Every line below from the one containing "등대를 조금 돌아가자" through the one containing "ISSN 07230745Amtsblatt her" is to be printed exactly, with the pictures omitted.

[The input]
* * * * * * *

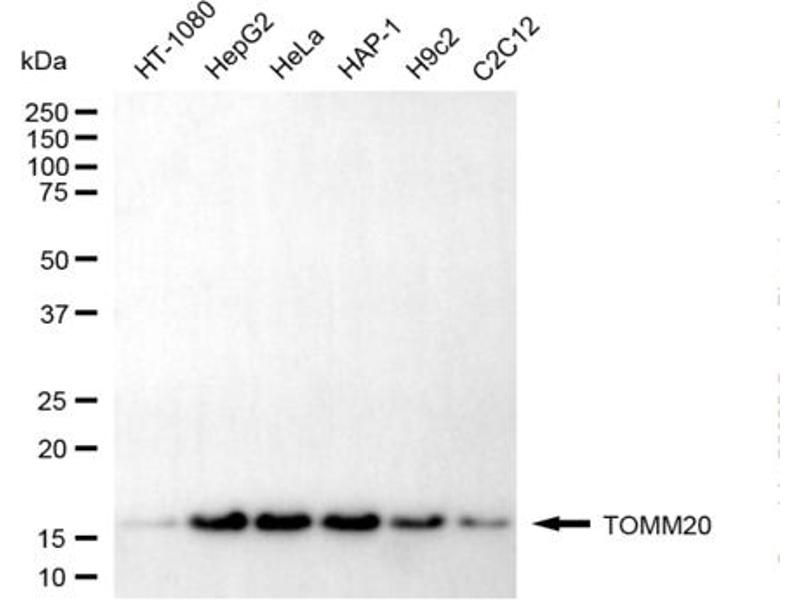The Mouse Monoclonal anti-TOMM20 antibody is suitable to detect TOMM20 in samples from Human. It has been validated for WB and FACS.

* * * * * * *

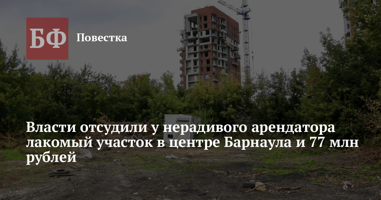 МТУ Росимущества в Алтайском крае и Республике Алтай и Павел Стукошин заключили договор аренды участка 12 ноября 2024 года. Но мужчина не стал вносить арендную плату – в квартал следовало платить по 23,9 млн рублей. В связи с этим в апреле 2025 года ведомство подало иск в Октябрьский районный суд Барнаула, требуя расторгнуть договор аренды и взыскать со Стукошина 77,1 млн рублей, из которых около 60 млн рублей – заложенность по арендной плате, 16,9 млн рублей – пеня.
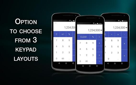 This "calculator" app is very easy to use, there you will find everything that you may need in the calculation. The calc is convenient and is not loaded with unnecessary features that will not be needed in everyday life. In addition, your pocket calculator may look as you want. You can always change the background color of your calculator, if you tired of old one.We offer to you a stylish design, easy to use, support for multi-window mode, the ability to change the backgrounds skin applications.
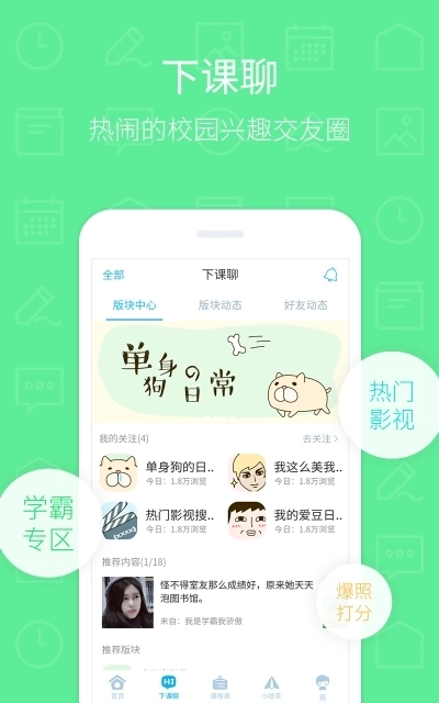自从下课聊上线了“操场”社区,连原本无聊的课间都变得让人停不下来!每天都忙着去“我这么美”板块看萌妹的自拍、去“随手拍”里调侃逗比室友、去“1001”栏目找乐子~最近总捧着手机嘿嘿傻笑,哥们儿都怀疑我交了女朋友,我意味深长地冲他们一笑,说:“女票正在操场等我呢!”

* * * * * * *

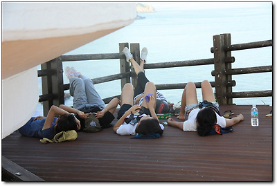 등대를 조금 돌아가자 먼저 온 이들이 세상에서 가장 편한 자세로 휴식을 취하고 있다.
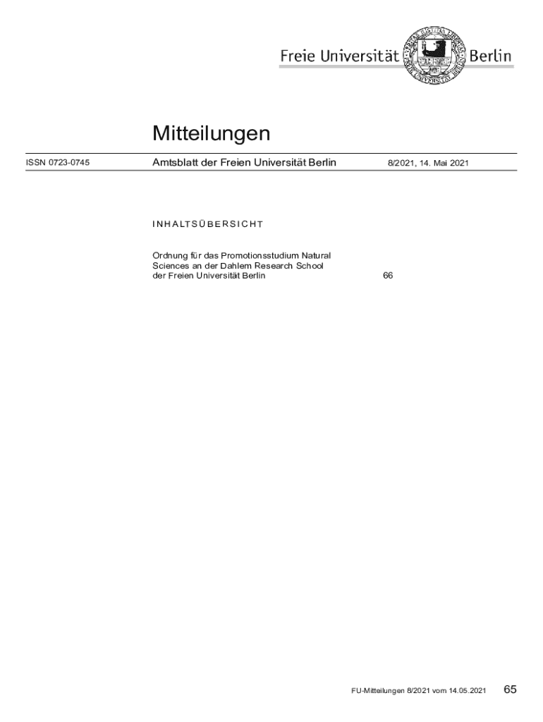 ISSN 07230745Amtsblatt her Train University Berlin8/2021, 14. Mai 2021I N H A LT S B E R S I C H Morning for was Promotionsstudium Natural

* * * * * * *

[Result of the task]
 등대를 조금 돌아가자 먼저 온 이들이 세상에서 가장 편한 자세로 휴식을 취하고 있다.
 ISSN 07230745Amtsblatt her Train University Berlin8/2021, 14. Mai 2021I N H A LT S B E R S I C H Morning for was Promotionsstudium Natural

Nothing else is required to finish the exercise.